Hello all, i'm new here but it looks like you folks know what you are talking about. Anyway I have a DIsh DVR512 and up till the repairman showed up yesterday it had never given me any problems with the Shared TV feature and now when I call it up on the menu under System Setup it is grayed out and I cannot select it. When I try to use the mode button on the front of my DVR it says this feature is unavailable. Now again all of this was working until the repairman came by yesterday for a different reason.


----------



## Ray [email protected] Network (Dec 28, 2010)

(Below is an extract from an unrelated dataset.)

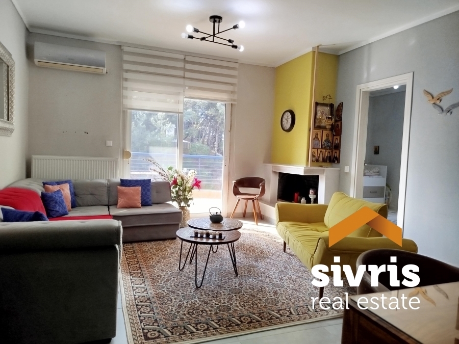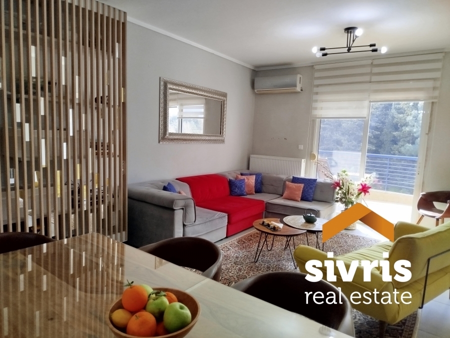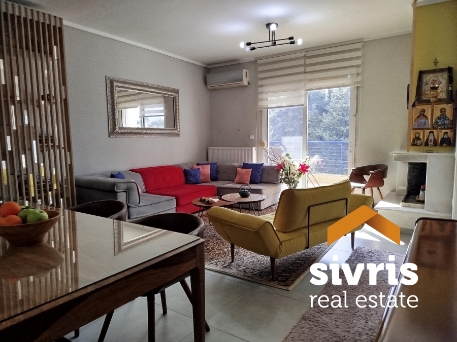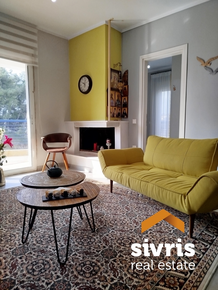 Το διαμέρισμα βρίσκεται στον τέταρτο όροφο οικοδομής που διαθέτει ανελκυστήρα. Ο εσωτερικός χώρος του διαμερίσματος αποτελείται από τρία υπνοδωμάτια (δυο μεγάλα και ένα μικρότερο) ένα εκ των οποίων περιλαμβάνει μεγάλη ντουλάπα, ένα καλαίσθητο σαλόνι με τζάκι, ολοκαίνουργια κουζίνα με island, άνετο μπάνιο με ντουζιέρα καιπαράθυρο. Το διαμέρισμα πλαισιώνουν οι τρεις βεράντες με θέα τόσο στην θάλασσα όσο και στο δάσος. Έχει καλό προσανατολισμό νοτιο-δυτικό και μεγάλη ανοιχτωσιά.

I'm showing the Shared View is not available on the 512. This is a solo receiver with only 1 TV capability. If you have further questions, please let me know. Thanks.



a_cmc_2b said:


> Hello all, i'm new here but it looks like you folks know what you are talking about. Anyway I have a DIsh DVR512 and up till the repairman showed up yesterday it had never given me any problems with the Shared TV feature and now when I call it up on the menu under System Setup it is grayed out and I cannot select it. When I try to use the mode button on the front of my DVR it says this feature is unavailable. Now again all of this was working until the repairman came by yesterday for a different reason.


----------



## shadough (Dec 31, 2006)

Is it possible the receiver took a software download, thus causing the 'grey'ing of this feature?


----------